Figure 5. PTPRH and PTPRB are EGFR inhibitory phosphatases (see also Figures S5 and Table S1)

A–B. PTPRH-FLAG (A) or PTPRB-FLAG (B) was transfected into HEK293 cells. The cells were stimulated with EGF followed by Western blot analysis. C. Dose-response impact of PTPRH on EGFR phosphorylation. PTPRH-FLAG was integrated into FlpIn T-REx HEK293 cells and its expression was controlled by different concentrations of tetracycline. PTPRH expression and EGFR phosphorylation were measured by Western blot analysis. D. PTPRH was deleted in OV-90 cells by CRISPR/Cas9 technology. The WT and PTPRH knockout cells were stimulated with EGF and the lysates were subject to Western blot analysis. E. PTPRH CS or DACS mutant was expressed in HEK293 cells, and their effects on EGFR were investigated by Western blotting analysis. F. EGFR-GFP and PTPRH-FLAG (WT or DACS mutant) were co-transfected into HEK293 cells. After stimulation with EGF for 5 min, EGFR was precipitated by α–GFP antibody and subject to MS analysis. The intensities of EGFR phosphopeptides are listed in the right panel. Lysates were also analysed by Western blotting analysis (left).

Figure 6. PTPRA is involved in EGFR signaling (see also Figures S6)

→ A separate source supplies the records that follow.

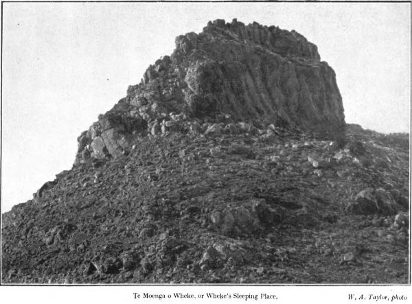 And when the chief left the spot next day to continue his journey he said, “Let this place be called The Place where Tamatea’s Fire-Ashes Lie”; and so to-day the rocky wall which the white man has named the Giant’s Causeway is to the Maori “Te Whaka-takanga-o-te-Karehu-a-Tamatea.” And the volcanic fire itself is “Te Ahi-a-Tamatea.”
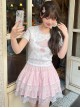 Sweet Little Cake Illustration Kawaii Fashion Floral Round Neck White Fitted Soft Girl T Shirt
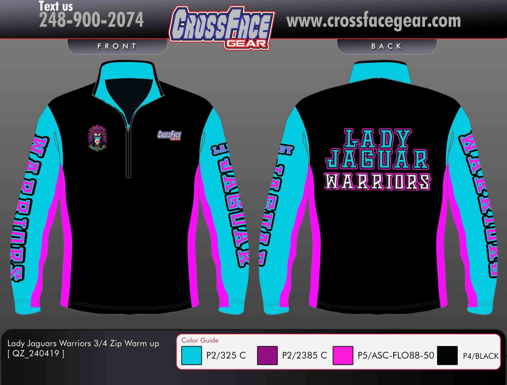 Lady Jaguar Warriors Full Sublimated 3/4 ZIp Warm Up
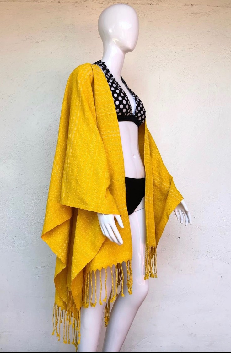 Elabora textiles en telar de pedal con distintos materiales como algodón, lana y articela y confeccionan prendas como salidas de baño y blusas ♥️
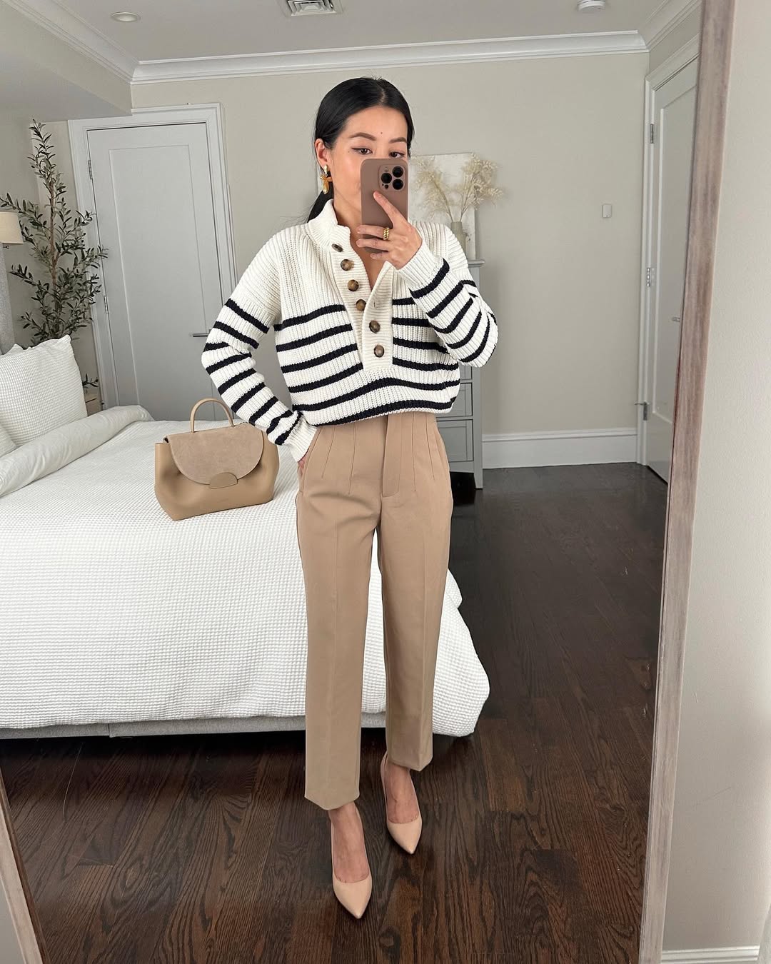 This look is pure refinement. The striped knit tucked into tailored trousers feels timeless, almost like something you’d spot on a quiet Paris street before a morning meeting. Neutral heels and a clean silhouette keep it grounded and professional.
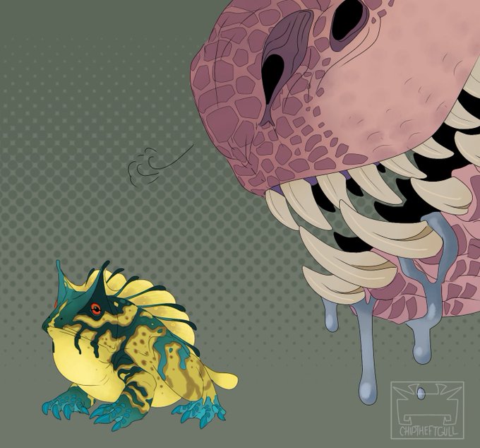 dont lick toads ! paratoad my beloved, and an anjanath cameo #MonsterHunter #monsterhunterworld #monsterhunterrise #art #dinosaur #fanart

A. HEK293 cells were transfected with PTPRA-FLAG followed by EGF stimulation. Lysates were subject to Western blot analysis. B. PTPRA-FLAG-transfected HEK293 cells were pretreated with SRC inhibitors, AZD0530, or Dasatinib, or vehicle (Veh) for 30 min. After EGF stimulation for 30 min, the cells were subject to Western blot analysis. C. HEK293 cells transfected with PTPRA-FLAG or PTPRE-FLAG were stimulated with EGF and subject to Western blot analysis. D. EGFR or ROR2 (control) bait and SRC prey together with PTPRA-GFP or PTPRE-GFP were transfected into reporter cells. EGFR-SRC interaction was assessed by MaMTH (lower panel). Signals were normalized by EGFR/SHC1 interaction. Data represent mean± SD (n=4). Significance was assessed by one-tailed Student’s t-test. *: P<0.05. The expression of each protein was measured by Western blot analysis (upper panel). E. MaMTH assay using PTPRA (WT or Y789F mutant) as bait and PEX13 (negative control), SHC1, SRC or GRB2 as prey. Data represent mean± SD (n=3). Significance was assessed by one-tailed Student’s t-test. **: P<0.01. Expression of each protein is shown in the upper panel. F. MaMTH assay with EGFR bait and SRC prey in the presence of WT or Y789F PTPRA mutant. Data represent mean± SD deviation (n=3). Significance was assessed by one-tailed Student’s t-test. *: P<0.05; **: P<0.01. Protein expression is shown in the left panel. G. GFP-tagged PTPRA (WT or Y789F mutant) was transfected into HEK 293 cells. After EGF stimulation, the cells were subject to Western blot analysis using the indicated antibodies.